Apprendre du vocabulaire en phase de sommeil profond, c’est possible

Des chercheurs de l’Université de Berne ont pu démontrer qu’il est possible d’apprendre de nouveaux mots de vocabulaire dans une langue étrangère pendant certaines phases du sommeil profond et de s’en souvenir inconsciemment après le réveil. Lors de ces phases, les structures cérébrales qui participent à l’apprentissage en état de veille sont là aussi actives.

Dormir peut sembler être une perte de temps. On se demande alors: est-il possible de mettre ce temps à profit pour apprendre une nouvelle langue? Jusqu’à présent, la recherche sur le sommeil s’est plutôt focalisée sur la consolidation des connaissances acquises à l’état d’éveil et moins sur l’apprentissage pendant le sommeil.

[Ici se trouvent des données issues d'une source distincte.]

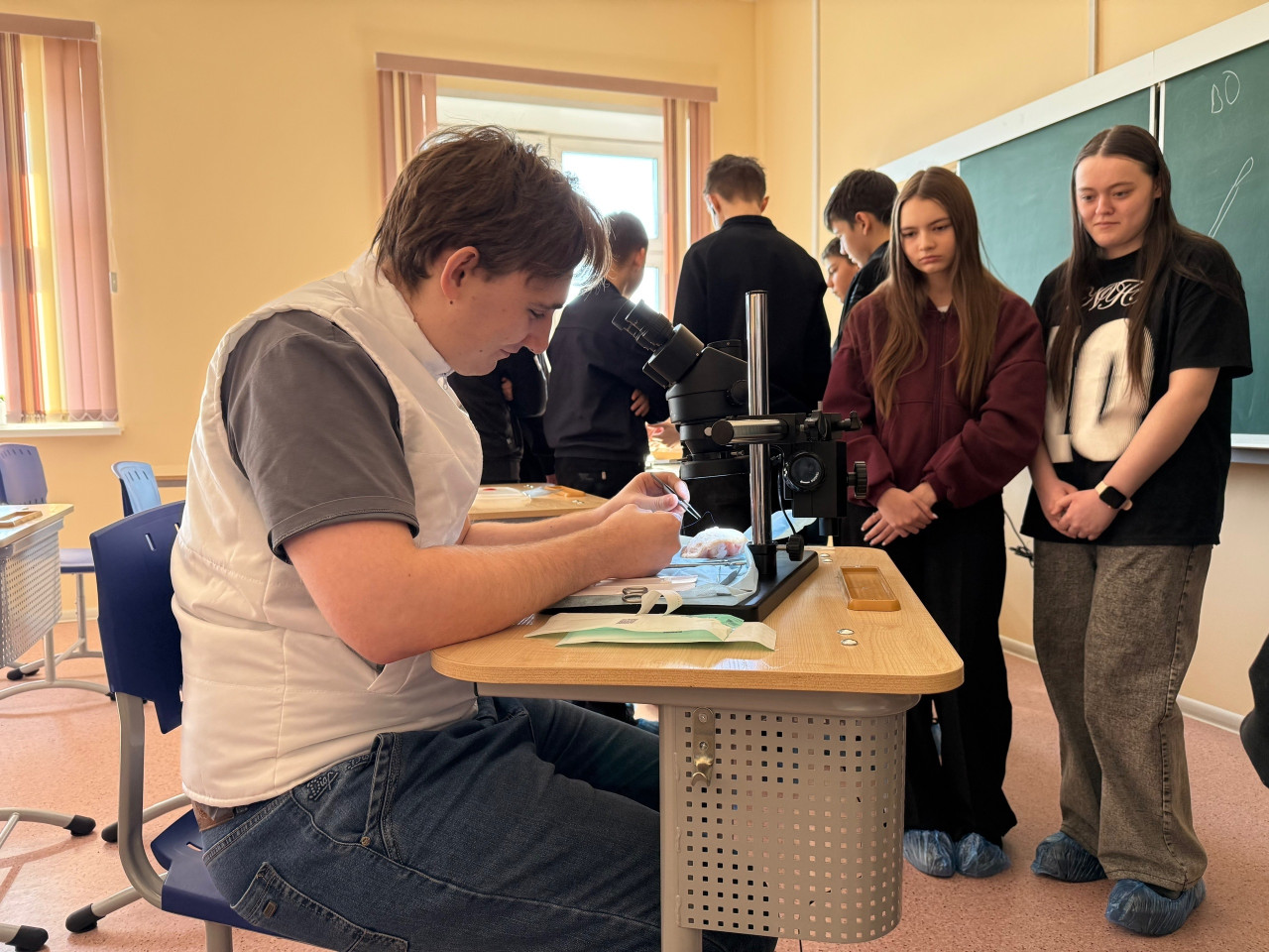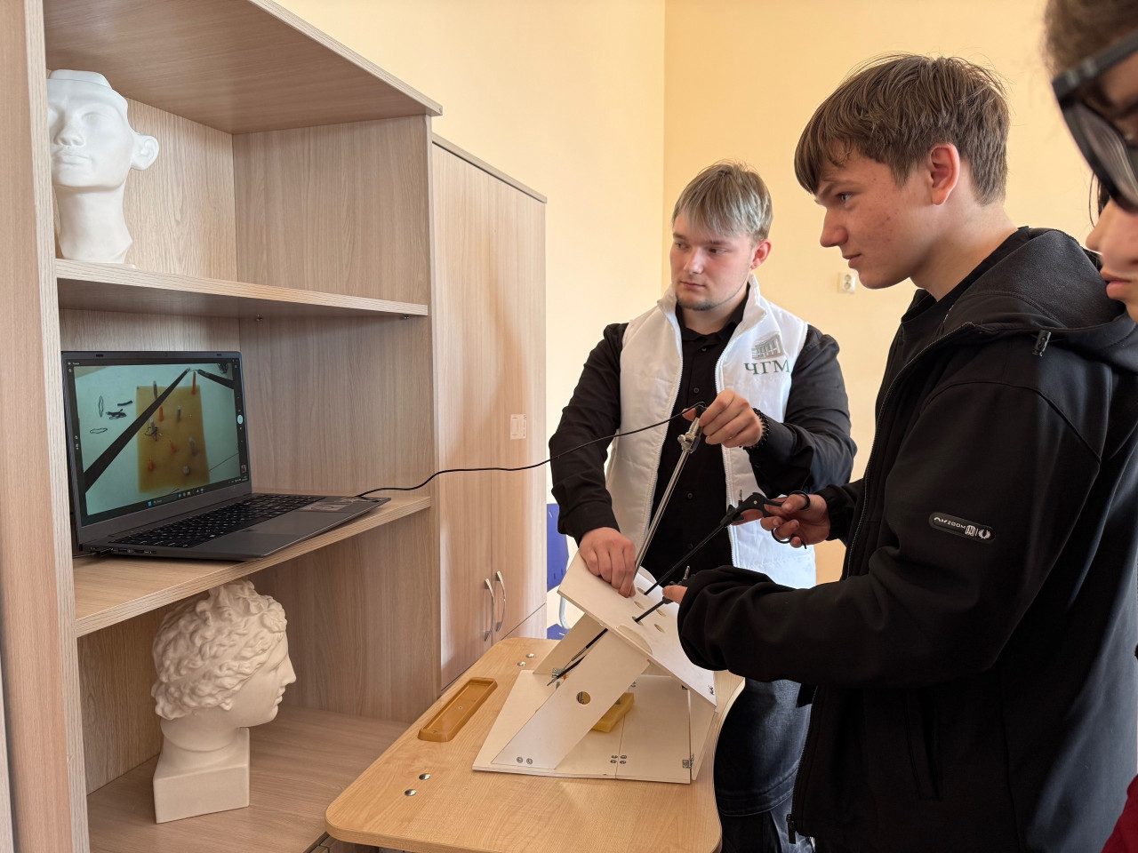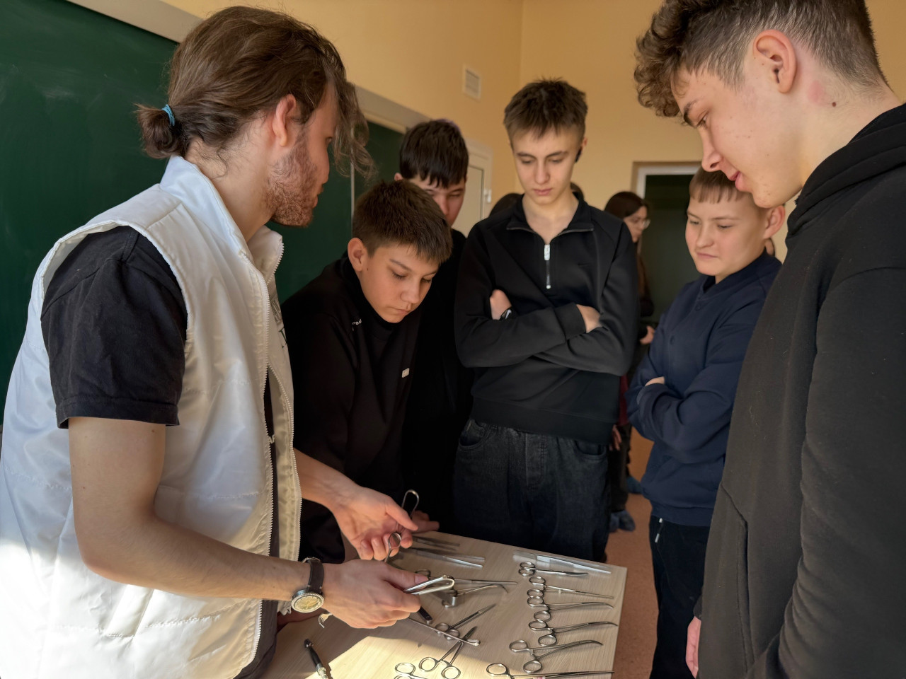 Команда волонтерского отряда "Сердце Хирургии" показала, как проводятся малоинвазивные операции: школьники увидели современные инструменты и узнали, как врачи делают сложные вмешательства с минимальными разрезами. Многие впервые поняли, что хирургия — это не только скальпель, но и высокие технологии!

Il est avéré que les connaissances acquises à l’état d’éveil sont plus tard passée en revue pendant le sommeil au cours duquel le cerveau les «rejoue». Les connaissances sont ainsi consolidées et ancrées dans l’ensemble de connaissances existant.

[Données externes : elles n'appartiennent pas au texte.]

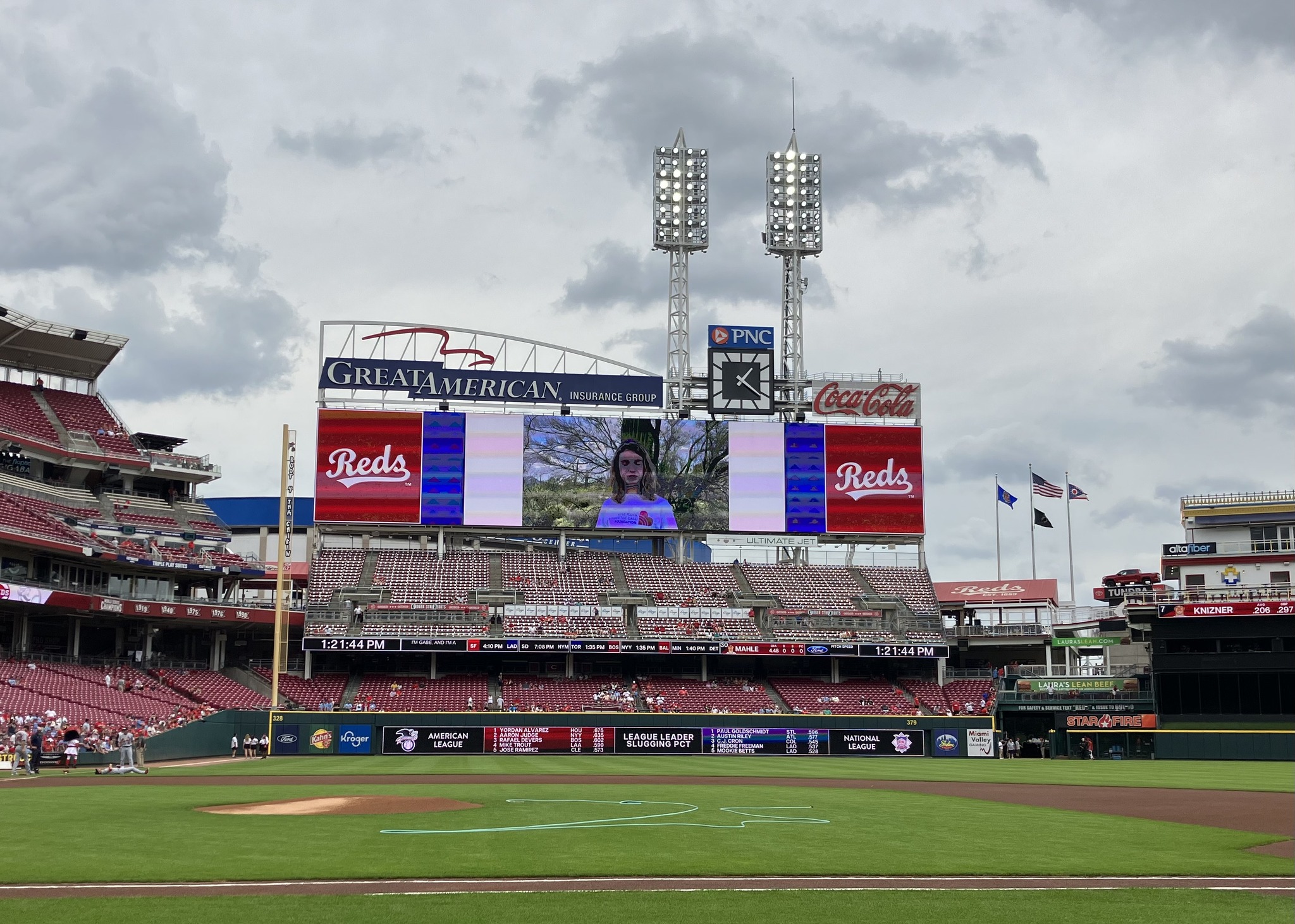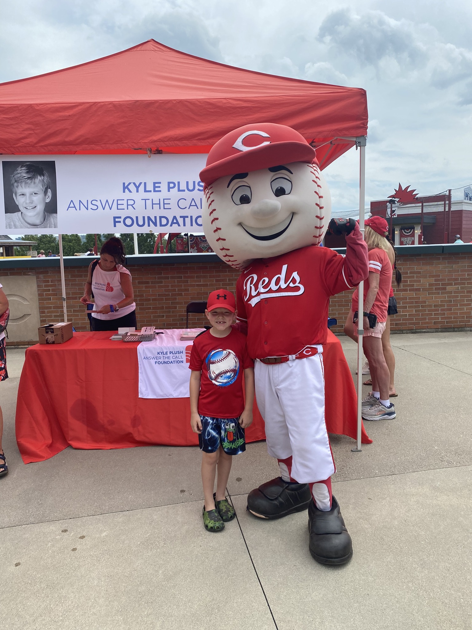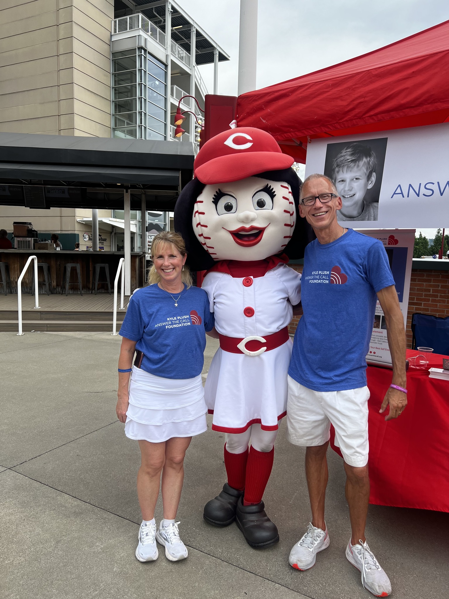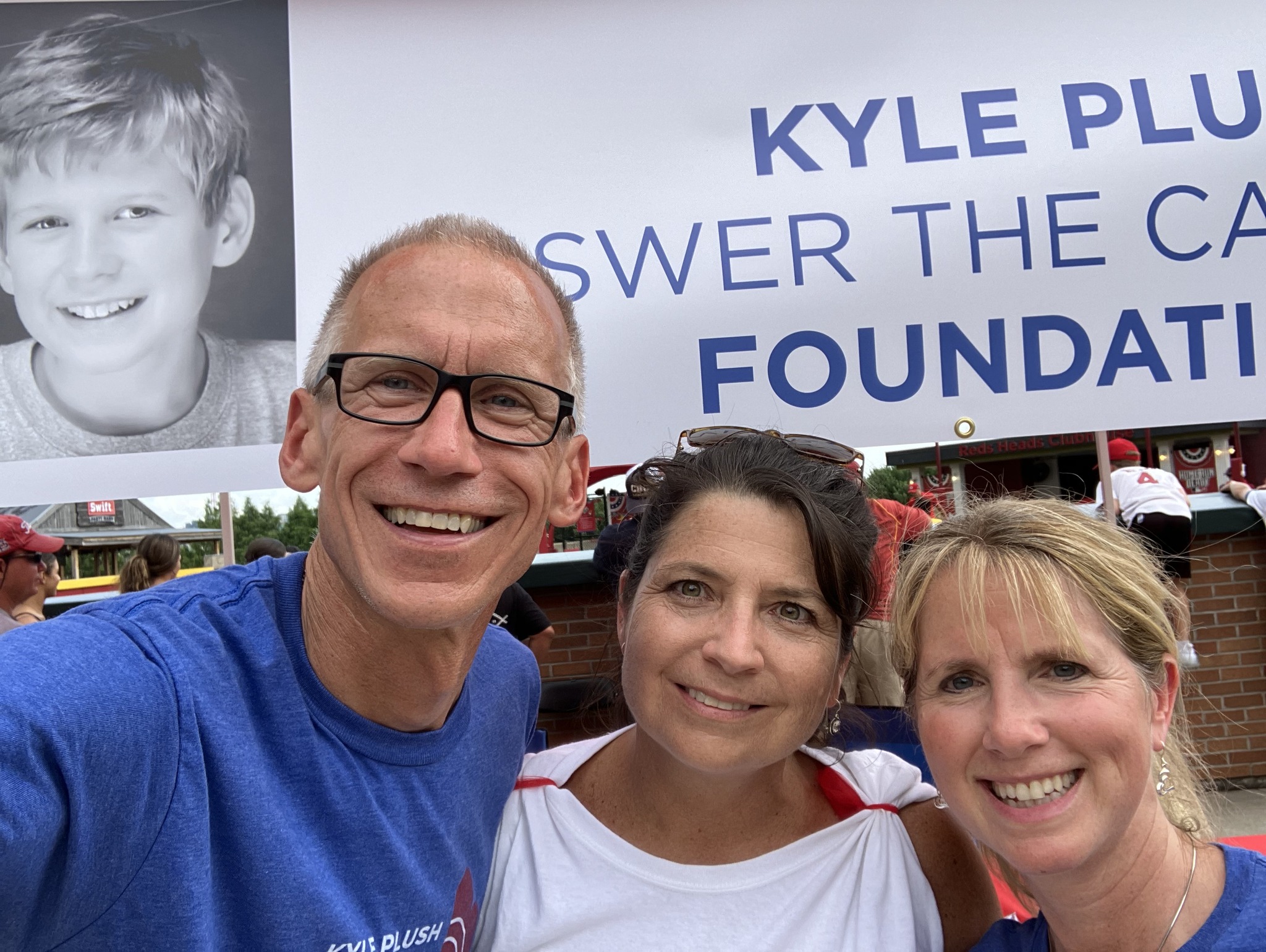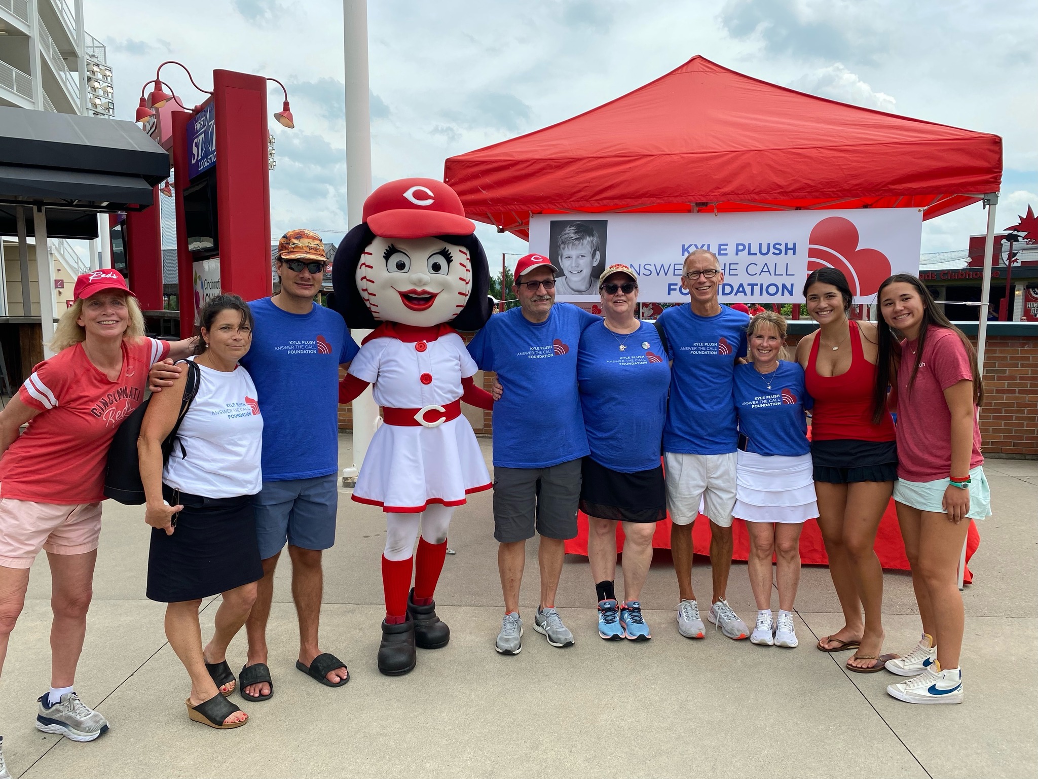 A HUGE Shoutout to the Cincinnati Reds for sharing KPATC Cell Phone Safety Tips with Reds Fans at the Reds vs Cardinals game on Sunday, July 24. A few of Kyle’s friends who created the Cell Phone Safety Tip videos were able to join us on the field… Matt Wabler, Kayzad Bharucha and Adam Chen. Kyle’s friend, Gabe Lykins and Seven Hills Advisor, David Brott, were on the Jumbo screen sharing tips on “How to find your exact location on your cell phone” and friend, Krish Gupta, shared “Setting Up Siri so you can call 911”. Reds Fans visited the KPATC booth to learn about Cell Phone Safety Tips and the importance of signing up for Smart911. Wonderful to see so many friends and volunteers at the game to support the KPATC mission! You can find these safety tips for yourself at https://kyleplushanswerthecall.org/cell-phone-safety-tips/.

Si le fait que le cerveau endormi rejoue les connaissances acquises améliore la mémorisation des connaissances, ne serait-il pas possible de faire de même pour l’apprentissage de nouvelles informations pendant le sommeil? Katharina Henke, Marc Züst et Simon Ruch de l’Institut de psychologie et de la Coopération de recherche interfacultaire «Decoding Sleep» (Décoder le sommeil) de l’Université de Berne se sont penchés sur la question. Pour la première fois, ils ont pu prouver qu’il était en effet possible d’apprendre des mots d’une langue étrangère et leur traduction pendant la phase de sommeil profond et de se les rappeler inconsciemment à l’état d’éveil. L’hippocampe, une aire cérébrale indispensable dans le cadre de l’apprentissage conscient, joue également un rôle important pendant le sommeil. Les résultats de l’étude ont été publiés dans la revue «Current Biology» et sont accessibles à tous. 

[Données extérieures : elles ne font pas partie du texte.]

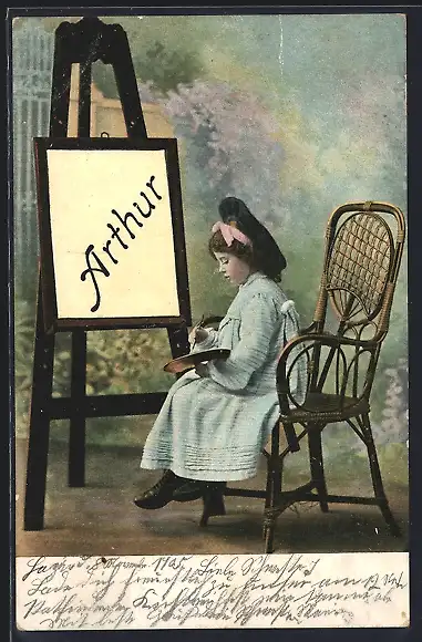 AK Kleines Mädchen an einer Staffelei, Namenstag Arthur
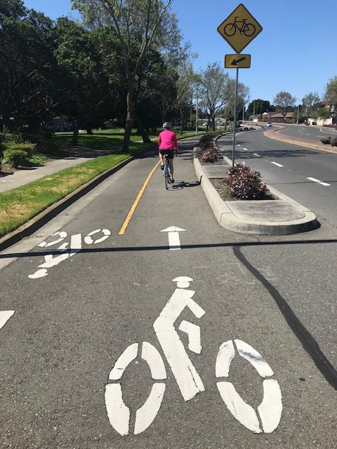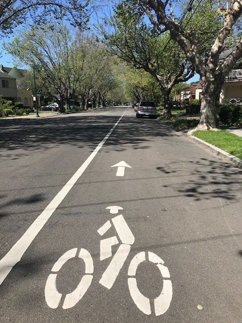 d. Class IV Bike Lane is a “buffered” lane (also known as a cycle track)–meaning there is a physical barrier between the bicyclist and vehicles. It can be one-way or two-way and is the BEST solution to safe streets. You’ll find one on Fernside, and soon, we hope, on Central Avenue.
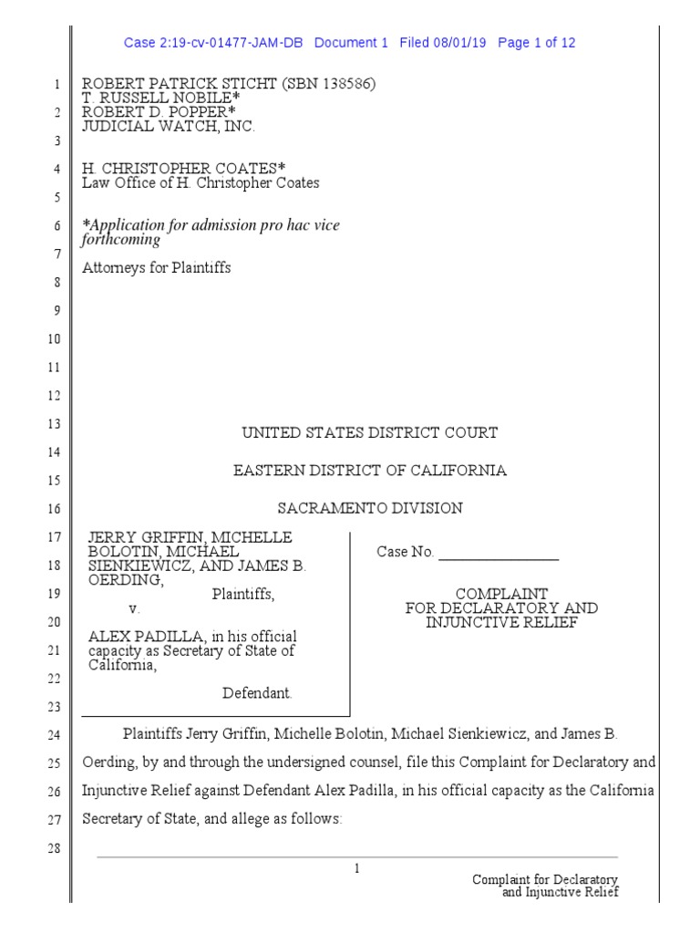Attorneys for Plaintiffs UNITED STATES DISTRICT COURT EASTERN DISTRICT OF CALIFORNIA SACRAMENTO DIVISION JERRY GRIFFIN, MICHELLE BOLOTIN, MICHAEL SIENKIEWICZ, AND JAMES B. OERDING, Plaintiffs, v. ALEX PADILLA, in his official capacity as Secretary of State of California, Defendant.Case No. _______________ COMPLAINT FOR DECLARATORY AND INJUNCTIVE RELIEF Plaintiffs Jerry Griffin, Michelle Bolotin, Michael Sienkiewicz, and James B. Oerding, by and through the undersigned counsel, file this Complaint for Declaratory and Injunctive Relief against Defendant Alex Padilla, in his official capacity as the California Secretary of State, and allege as follows:

La phase active des cellules cérébrales au cœur du processus

L’équipe réunie autour de Katharina Henke a cherché à savoir si le cerveau endormi dans ses états actifs, ou «Up-states», était en mesure d’assimiler le vocabulaire d’une nouvelle langue. Dans la phase de sommeil profond, les cellules cérébrales commencent à faire converger leur activité. Pendant une courte période, les cellules cérébrales sont toutes actives et entrent en même temps dans une phase d’inactivité. Les phases actives sont appelées «Up-state» et les phases passives «Down-state». Les deux phases alternent toutes les demi-secondes environ.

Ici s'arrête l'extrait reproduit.